Input for this task>

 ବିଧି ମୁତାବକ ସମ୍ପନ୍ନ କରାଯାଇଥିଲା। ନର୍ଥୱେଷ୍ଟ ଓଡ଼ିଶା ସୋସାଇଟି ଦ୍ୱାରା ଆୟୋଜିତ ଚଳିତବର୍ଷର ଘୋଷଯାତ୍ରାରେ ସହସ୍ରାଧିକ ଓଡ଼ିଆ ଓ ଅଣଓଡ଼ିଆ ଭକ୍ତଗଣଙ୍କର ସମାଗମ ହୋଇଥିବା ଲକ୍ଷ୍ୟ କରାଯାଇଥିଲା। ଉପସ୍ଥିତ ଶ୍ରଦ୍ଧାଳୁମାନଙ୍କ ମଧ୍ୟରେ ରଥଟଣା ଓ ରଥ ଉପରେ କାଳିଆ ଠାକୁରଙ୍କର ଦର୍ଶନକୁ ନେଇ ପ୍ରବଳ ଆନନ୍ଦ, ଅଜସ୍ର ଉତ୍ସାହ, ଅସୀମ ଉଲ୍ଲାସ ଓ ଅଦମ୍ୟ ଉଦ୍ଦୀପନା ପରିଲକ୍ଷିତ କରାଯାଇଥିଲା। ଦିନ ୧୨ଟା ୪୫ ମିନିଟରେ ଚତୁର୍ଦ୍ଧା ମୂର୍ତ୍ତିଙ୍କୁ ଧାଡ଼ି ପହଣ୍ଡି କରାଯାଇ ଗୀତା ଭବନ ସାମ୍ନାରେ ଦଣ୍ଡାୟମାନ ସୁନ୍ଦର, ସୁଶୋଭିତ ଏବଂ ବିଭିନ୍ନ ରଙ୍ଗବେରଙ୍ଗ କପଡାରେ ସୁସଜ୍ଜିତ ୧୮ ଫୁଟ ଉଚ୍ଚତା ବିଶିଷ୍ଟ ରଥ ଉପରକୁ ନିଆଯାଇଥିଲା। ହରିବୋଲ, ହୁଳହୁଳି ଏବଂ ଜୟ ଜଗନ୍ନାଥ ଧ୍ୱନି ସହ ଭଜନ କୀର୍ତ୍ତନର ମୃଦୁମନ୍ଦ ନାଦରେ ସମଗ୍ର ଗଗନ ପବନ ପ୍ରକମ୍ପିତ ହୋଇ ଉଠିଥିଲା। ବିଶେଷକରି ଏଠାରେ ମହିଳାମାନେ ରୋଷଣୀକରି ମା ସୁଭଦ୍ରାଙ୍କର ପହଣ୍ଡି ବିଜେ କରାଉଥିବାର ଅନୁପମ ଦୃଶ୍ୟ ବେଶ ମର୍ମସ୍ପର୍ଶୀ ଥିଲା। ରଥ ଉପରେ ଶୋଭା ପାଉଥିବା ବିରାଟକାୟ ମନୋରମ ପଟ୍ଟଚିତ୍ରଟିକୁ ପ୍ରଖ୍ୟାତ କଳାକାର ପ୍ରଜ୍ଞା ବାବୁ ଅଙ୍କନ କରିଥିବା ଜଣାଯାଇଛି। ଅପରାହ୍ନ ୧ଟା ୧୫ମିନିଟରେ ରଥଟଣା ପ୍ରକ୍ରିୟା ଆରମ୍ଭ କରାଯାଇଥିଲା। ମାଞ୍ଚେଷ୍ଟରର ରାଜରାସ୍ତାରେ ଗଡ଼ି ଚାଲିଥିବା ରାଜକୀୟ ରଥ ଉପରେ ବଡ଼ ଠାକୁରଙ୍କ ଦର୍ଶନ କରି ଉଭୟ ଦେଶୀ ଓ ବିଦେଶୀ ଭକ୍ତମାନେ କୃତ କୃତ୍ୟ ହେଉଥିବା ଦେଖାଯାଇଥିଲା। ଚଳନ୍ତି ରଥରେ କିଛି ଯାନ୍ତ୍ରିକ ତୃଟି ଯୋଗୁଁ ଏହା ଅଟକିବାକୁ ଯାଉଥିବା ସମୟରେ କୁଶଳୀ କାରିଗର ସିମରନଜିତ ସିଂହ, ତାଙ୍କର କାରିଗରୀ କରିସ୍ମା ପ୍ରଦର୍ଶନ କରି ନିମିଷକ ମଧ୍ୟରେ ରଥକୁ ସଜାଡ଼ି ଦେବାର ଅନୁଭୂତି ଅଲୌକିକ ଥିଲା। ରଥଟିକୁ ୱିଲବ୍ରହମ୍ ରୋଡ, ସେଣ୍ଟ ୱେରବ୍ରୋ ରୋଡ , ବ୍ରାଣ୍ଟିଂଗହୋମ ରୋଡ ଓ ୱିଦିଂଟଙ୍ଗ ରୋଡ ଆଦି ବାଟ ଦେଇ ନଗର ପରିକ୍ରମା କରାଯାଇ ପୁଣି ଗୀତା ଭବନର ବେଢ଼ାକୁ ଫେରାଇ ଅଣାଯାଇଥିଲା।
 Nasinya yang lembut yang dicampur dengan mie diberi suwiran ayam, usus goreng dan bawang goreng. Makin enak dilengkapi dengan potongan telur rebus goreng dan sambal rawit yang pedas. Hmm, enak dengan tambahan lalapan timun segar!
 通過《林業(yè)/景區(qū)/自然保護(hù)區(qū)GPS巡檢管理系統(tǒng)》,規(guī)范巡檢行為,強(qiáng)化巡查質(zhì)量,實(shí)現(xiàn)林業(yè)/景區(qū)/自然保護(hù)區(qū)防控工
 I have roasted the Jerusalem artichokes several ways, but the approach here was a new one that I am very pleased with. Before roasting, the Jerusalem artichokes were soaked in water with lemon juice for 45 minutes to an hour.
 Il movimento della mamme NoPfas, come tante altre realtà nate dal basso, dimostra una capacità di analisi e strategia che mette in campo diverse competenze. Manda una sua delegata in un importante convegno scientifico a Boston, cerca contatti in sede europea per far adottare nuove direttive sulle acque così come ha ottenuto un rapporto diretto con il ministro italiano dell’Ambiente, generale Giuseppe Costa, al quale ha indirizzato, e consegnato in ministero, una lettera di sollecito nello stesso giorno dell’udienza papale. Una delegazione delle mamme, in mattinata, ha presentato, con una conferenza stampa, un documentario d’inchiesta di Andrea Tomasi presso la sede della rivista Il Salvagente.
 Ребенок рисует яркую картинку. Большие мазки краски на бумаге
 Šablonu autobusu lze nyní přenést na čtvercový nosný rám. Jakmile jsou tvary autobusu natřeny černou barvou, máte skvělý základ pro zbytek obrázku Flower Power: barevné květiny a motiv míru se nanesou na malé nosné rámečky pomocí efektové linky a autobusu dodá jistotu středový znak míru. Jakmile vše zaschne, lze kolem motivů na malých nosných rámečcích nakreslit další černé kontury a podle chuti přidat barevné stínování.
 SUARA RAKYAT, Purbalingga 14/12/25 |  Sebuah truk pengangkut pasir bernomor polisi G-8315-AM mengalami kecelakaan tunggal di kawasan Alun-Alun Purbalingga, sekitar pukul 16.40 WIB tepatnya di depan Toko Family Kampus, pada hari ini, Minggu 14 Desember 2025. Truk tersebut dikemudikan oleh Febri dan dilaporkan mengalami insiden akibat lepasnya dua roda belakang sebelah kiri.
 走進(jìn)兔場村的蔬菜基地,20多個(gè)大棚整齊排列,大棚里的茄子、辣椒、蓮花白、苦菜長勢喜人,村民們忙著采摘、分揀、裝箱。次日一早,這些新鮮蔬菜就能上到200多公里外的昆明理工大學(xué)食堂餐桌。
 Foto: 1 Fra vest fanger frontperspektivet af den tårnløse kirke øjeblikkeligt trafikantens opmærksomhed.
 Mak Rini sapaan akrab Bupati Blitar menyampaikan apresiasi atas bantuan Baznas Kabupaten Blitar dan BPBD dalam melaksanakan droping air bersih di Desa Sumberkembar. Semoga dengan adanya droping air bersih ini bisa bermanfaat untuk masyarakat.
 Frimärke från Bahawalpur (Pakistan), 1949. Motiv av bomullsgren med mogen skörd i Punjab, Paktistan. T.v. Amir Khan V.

Exercise brief> Output the lines above exactly, but only those between the line holding "Nasinya yang lembut" and the line holding "I have roasted", inclusive.

Exercise result>
 Nasinya yang lembut yang dicampur dengan mie diberi suwiran ayam, usus goreng dan bawang goreng. Makin enak dilengkapi dengan potongan telur rebus goreng dan sambal rawit yang pedas. Hmm, enak dengan tambahan lalapan timun segar!
 通過《林業(yè)/景區(qū)/自然保護(hù)區(qū)GPS巡檢管理系統(tǒng)》,規(guī)范巡檢行為,強(qiáng)化巡查質(zhì)量,實(shí)現(xiàn)林業(yè)/景區(qū)/自然保護(hù)區(qū)防控工
 I have roasted the Jerusalem artichokes several ways, but the approach here was a new one that I am very pleased with. Before roasting, the Jerusalem artichokes were soaked in water with lemon juice for 45 minutes to an hour.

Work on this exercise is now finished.